I am always fascinated when I hear a “perfect” pop song and find out, for whatever reason (distributing failure, listener apathy, etc.) that it did not make the Top 40. I only apply this to songs released probably thru the 80’s, as after that the criteria for charting becomes all convoluted. I was wondering if anyone knew any songs they feel apply, as I would like to find some songs that I may be unfamiliar with that fit this category. Mine are:
Surrender- Cheap Trick (studio version)
Talking Heads- Once in a Lifetime
Talking Heads- This Must be the Place
Caravan- Surprise, Surprise (probably not released as a single in the US?)
Rose Royce- Wishing on a Star
Cover Girls- Show Me
Orpheus- Can’t Find the Time
Sundays- Here’s Where the Story Ends
Here’s another Squeeze song: “Crying In My Sleep.” I saw them perform it on Letterman when it was new, and they did a stunning rendition of it with the house band. After a lot of searching, I found it on the album, and it was so different as to be nearly unrecognizable. If they’d gone back into the studio to cut it just like they played it on TV and released it as a single, I don’t know how it could have stayed out of the Top Ten.
I have all kinds of recommendations, but I have to go to work now. I’ll be back.
**Emitt Rhodes: ** “With My Face on the Floor,” “She’s Such a Beauty,” “Fresh as a Daisy,” and “Live Till You Die.” All are perfectly crafty catchy pop songs (think of a US version of Paul McCartney at his best) but they never caught on.
**Spirit: ** “Prelude/Nothing to Hide,” “Mr. Skin” or “Animal Zoo” from Twelve Dreams of Dr.

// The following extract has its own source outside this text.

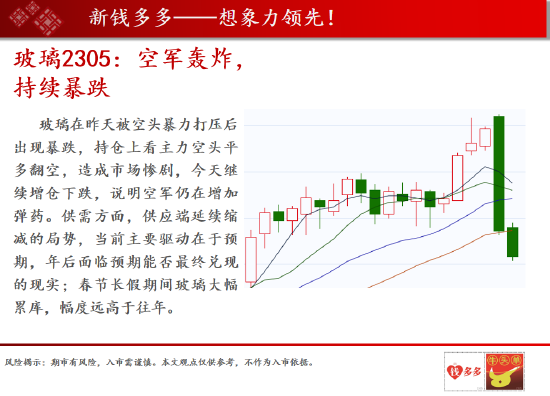 操作建议:玻璃在昨天被空头暴力打压后出现暴跌,持仓上看主力空头平多翻空,造成市场惨剧,今天继续增仓下跌,说明空军仍在增加弹药。

Sardonicus. The songs were great, but problematic due to the subject matter. The single released from the album, “Nature’s Way” is good, but not pop enough. The record company had little interest in promoting it because 1. the group had broken up before the album was released and 2. the head of the boutique label seemed to be planning to leave.
Fall On Me , R. E. M. They didn’t break out of college-indie-band status into Top-40 popularity until the album that followed, despite the early-Beatles-esque catchiness of this song.
Although you implied this, one reason why many “perfect” pop songs never made the U.S. Top 40 was because they never were released as singles. They were album cuts that sometimes ended up getting airplay on Top 40 radio stations.
Was that released as a single? I thought it was just an album cut?
I can’t find where it charted, but whereever it landed, it deserved higher:
Starry Eyes by the Records. Not only a perfect pop song. The perfect pop song. When you look up the definition of “tight” in the dictionary, it lists “Starry Eyes by the Records” as the #3 definition.
I was going to add, yet I never heard this song on the radio. Except once. In 2001. For 3 minutes. Fortunately my tape recorder was on This leads me to believe it didn’t chart all that high, if at all, or I would have heard it on the radio back in the day, or on oldies or popular retro-alternative stations today.
Every time I played “Swear” when I was a college dj, someone would call and ask who that was and where they could get the album. I have no idea why that wasn’t a giganto-hit.